Structure and Giant Magnetoresistance of Electrodeposited Co/Cu Multilayers Prepared by Two-Pulse (G/P) and Three-Pulse (G/P/G) Plating

Abstract

The giant magnetoresistance (GMR) was investigated for electrodeposited Co/Cu multilayers. In order to better understand the formation of individual layers and their influence on GMR, multilayers produced by two different deposition strategies were compared. One series of Co(2 nm)/Cu(tCu) multilayers with tCu ranging from 0.5 nm to 6 nm was produced with the conventional two-pulse plating by using a galvanostatic/potentiostatic (G/P) pulse combination for the magnetic/non-magnetic layer deposition, respectively, whereby the Cu layer deposition was carried out at the electrochemically optimized potential.
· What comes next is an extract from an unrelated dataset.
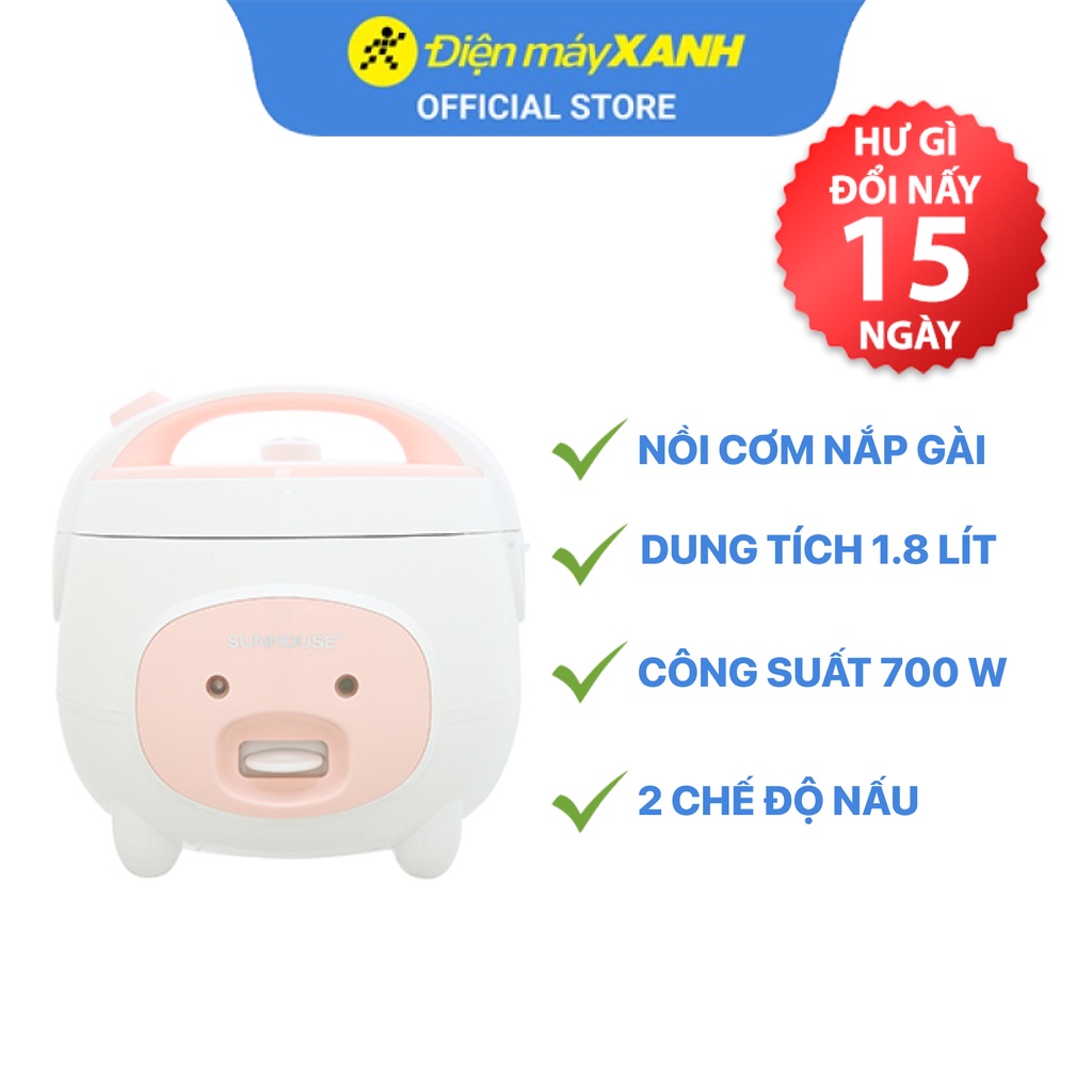 Nồi cơm nắp gài Sunhouse 1.8 lít SHD8607W thiết kế đẹp, dùng nấu cơm nhanh, giá cả phải chăng, xứng đáng có mặt trong mọi gia đình.

Another Co(2 nm)/Cu(tCu) multilayer series with the same tCu range was prepared with the help of a G/P/G pulse combination. In this latter case, first a bilayer of Co(2 nm)/Cu(6 nm) was deposited in each cycle as in the G/P mode after which a third G pulse was applied with a small anodic current to dissolve part of the 6 nm thick Cu layer in order to ensure the targeted tCu value. The comparison of the two series revealed that the G/P/G pulse combination yields multilayers for which GMR can be obtained even at such low nominal Cu layer thicknesses where G/P multilayers already exhibit bulk-like anisotropic magnetoresistance only. Surface roughness measurements by atomic force microscopy revealed that the two kinds of pulse combination yield different surface roughness values which correlate with the structural quality of the multilayers as indicated by the absence or presence of multilayer satellite reflections in the X-ray diffraction patterns. A separation of the superparamagnetic (SPM) contribution from the total observed GMR provided useful hints at the understanding of differences in layer formation between samples prepared with the two kinds of pulse combination. The results of multilayer chemical analysis revealed that mainly an increased Cu content of the magnetic layer is responsible for the onset of SPM regions in the form of Co segregations in the G/P/G multilayers with small Cu layer thicknesses. Magnetization measurements provided coercive force and remanence data which gave further support for the above interpretation of the GMR data.